Knox SSO Cookie Invalidation

This feature allows a list of pre-configured superusers to invalidate previously issued Knox SSO tokens for (a) particular user(s) in case there is a malicious attack where one (or more) of those users’ SSO tokens get compromised.

Enabling the feature

By default, the feature is disabled. There are 2 separate steps to enable it:

  1. Go to Cloudera Manager > Knox > Configuration and enable Knox SSO - Cookie Management Enabled.
  2. In Knox Service Advanced Configuration Snippet (Safety Valve) for conf/gateway-site.xml, press +.
    1. In Name, type gateway.knox.token.exp.server-managed.
    2. In Value, type true.
    3. Click Save Changes(CTRL+S)

Additional configuration

In addition to enabling the feature, you should review and update the following configuration, if needed:

  • Knox Home Page - Global Logout Page URL - when the knoxsso topology is configured to use the Pac4J federation filter (the default configuration in Cloudera on cloud), this configuration is an essential parameter and must not be left empty. This usually points to the logout endpoint of the pre-configured SAML/OIDC callback.
  • Knox Token Integration - Users Who Can See All Tokens - A comma-separated list of usernames that can view all tokens on the Token Management page. By default, this is an empty list. Each organization should configure this property to a narrowed set of users, such as security officers, who are authorized to disable SSO cookies in the event of a security breach.

Resolving access issues after global logout

In certain scenarios, users can still access a service through Knox after performing a global logout. This issue occurs when multiple tabs of the same service are open in the browser, and the global logout is performed in one of the tabs. The issue is caused by cookies that are not invalidated across all tabs, allowing some tabs to retain access to a service or services.

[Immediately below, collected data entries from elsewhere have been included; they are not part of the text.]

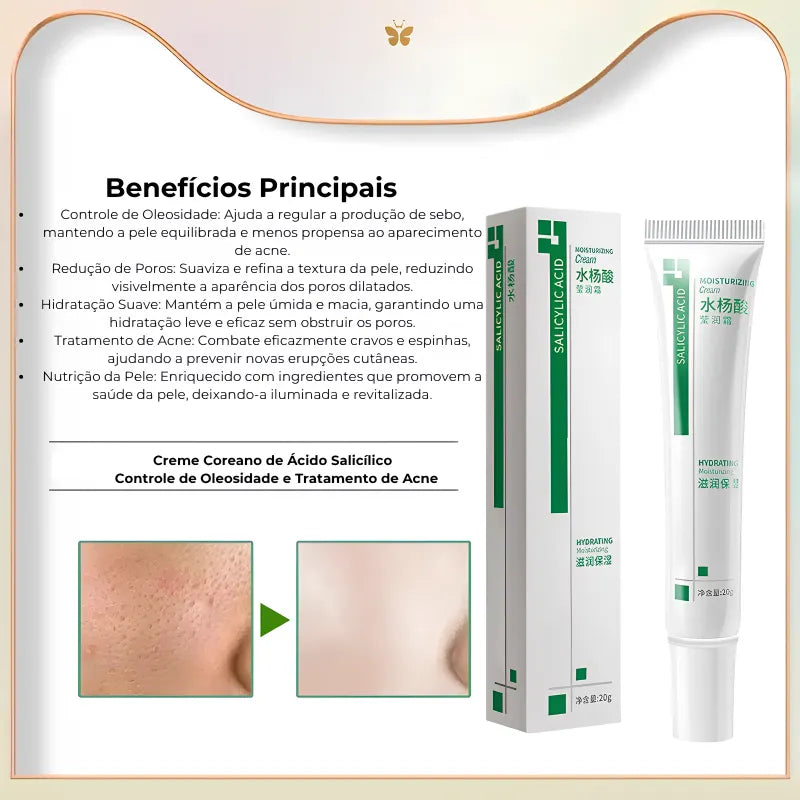 Creme Coreano de Ácido Salicílico - Controle de Oleosidade, Hidratação, Redução de Poros e Tratamento de Acne
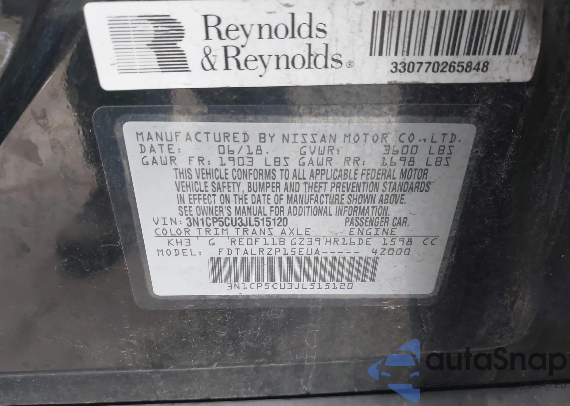 • VIN 3N1CP5CU3JL515120
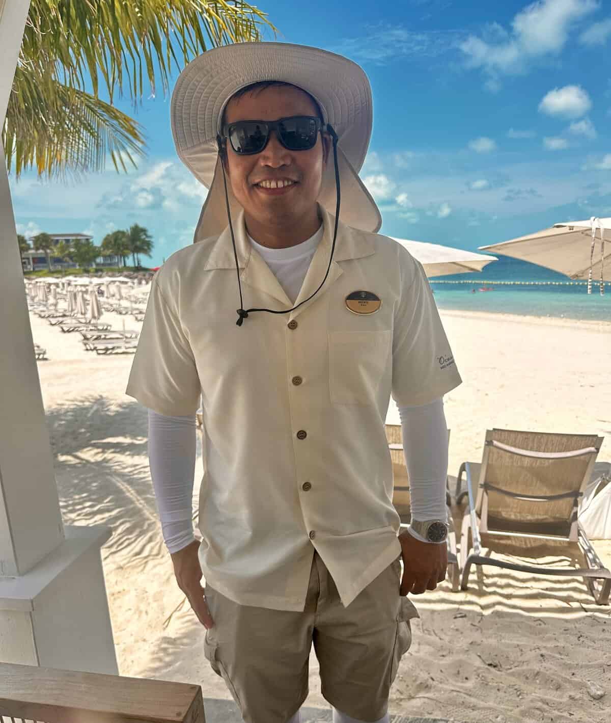 Enjoying a cocktail on Ocean Cay, MSC’s private island. Photo Wendi Baird - WiFi: Staying connected in today’s world is important for many people, even on vacation. Wifi for two devices per person is included for Yacht Club guests.
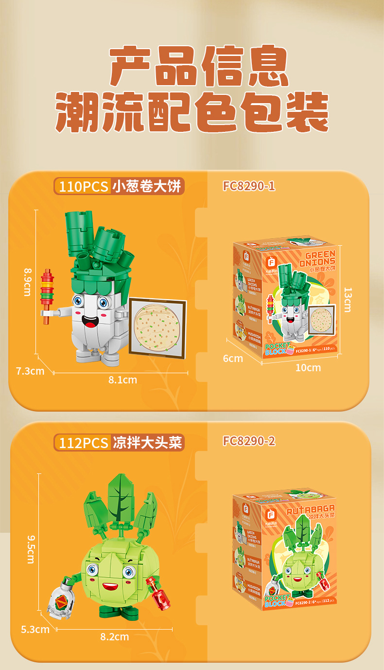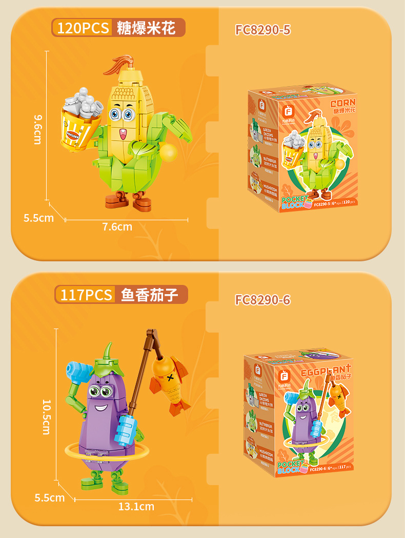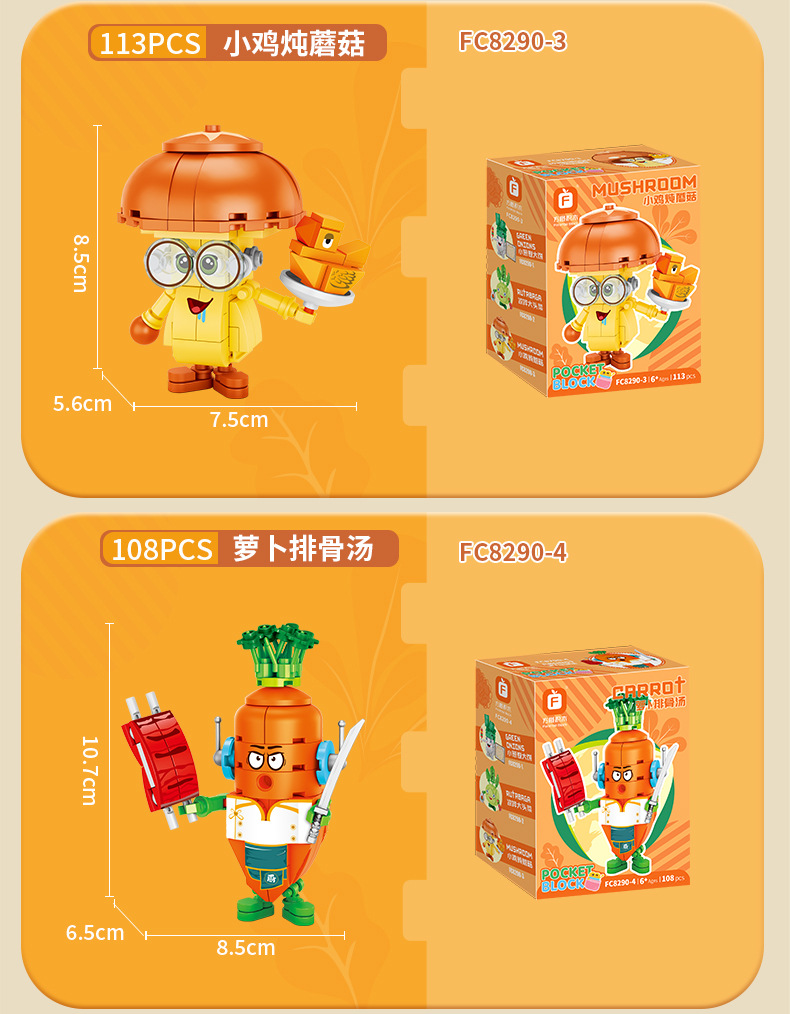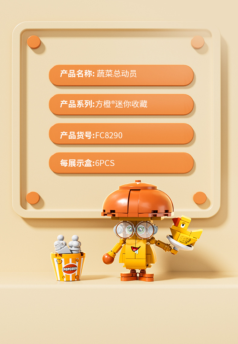 스퀘어 오렌지 8290 야채 빌딩 블록 파라다이스 쿠트라 비 버섯 팝콘 조립 모델 어린이 조립 장난감 선물

To resolve this issue, add the following configuration parameters to Knox Service Advanced Configuration Snippet (Safety Valve) for conf/gateway-site.xml in Cloudera Manager:


    ranger.service.inactivity.timeout=40
    atlas.session.timeout.secs=40
    knox.global.logout.page.url=<your-idp-logout-url>
   

After adding the configuration parameters:

How it works

After enabling the feature, every SSO cookie, the result of a login event through the Knox SSO service, will be recorded in the same database that Knox uses for token management purposes. These SSO cookies are included on the Token Management page. If the logged-in user is a configured "superuser" (added in the above-referenced Users Who Can See All Tokens list), that user is capable of narrowing down user tokens, for whom they suspect are the subject of malicious activities, and disabling the active tokens on the UI (either individually or in batches).

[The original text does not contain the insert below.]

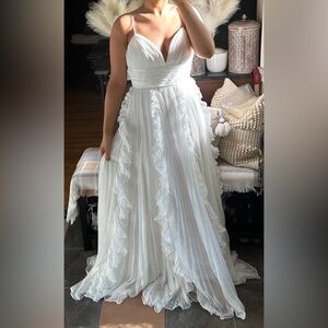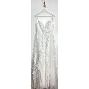 MAC DUGGAL Pleated Sleeveless Flowy Gown in White Size US 4

Once a Knox SSO cookie is disabled, it cannot be re-enabled or revoked. Knox has its own cleanup strategy to remove expired tokens from the underlying token state repository (a database in Cloudera on cloud) periodically, on a pre-configured schedule.

It is also important to emphasize that the default Time To Live (TTL) value of Knox SSO cookies is set to 1 day by default. It is highly recommended that organizations overview their own UI jobs and reduce this value to as short as possible to reduce the security risk involved here.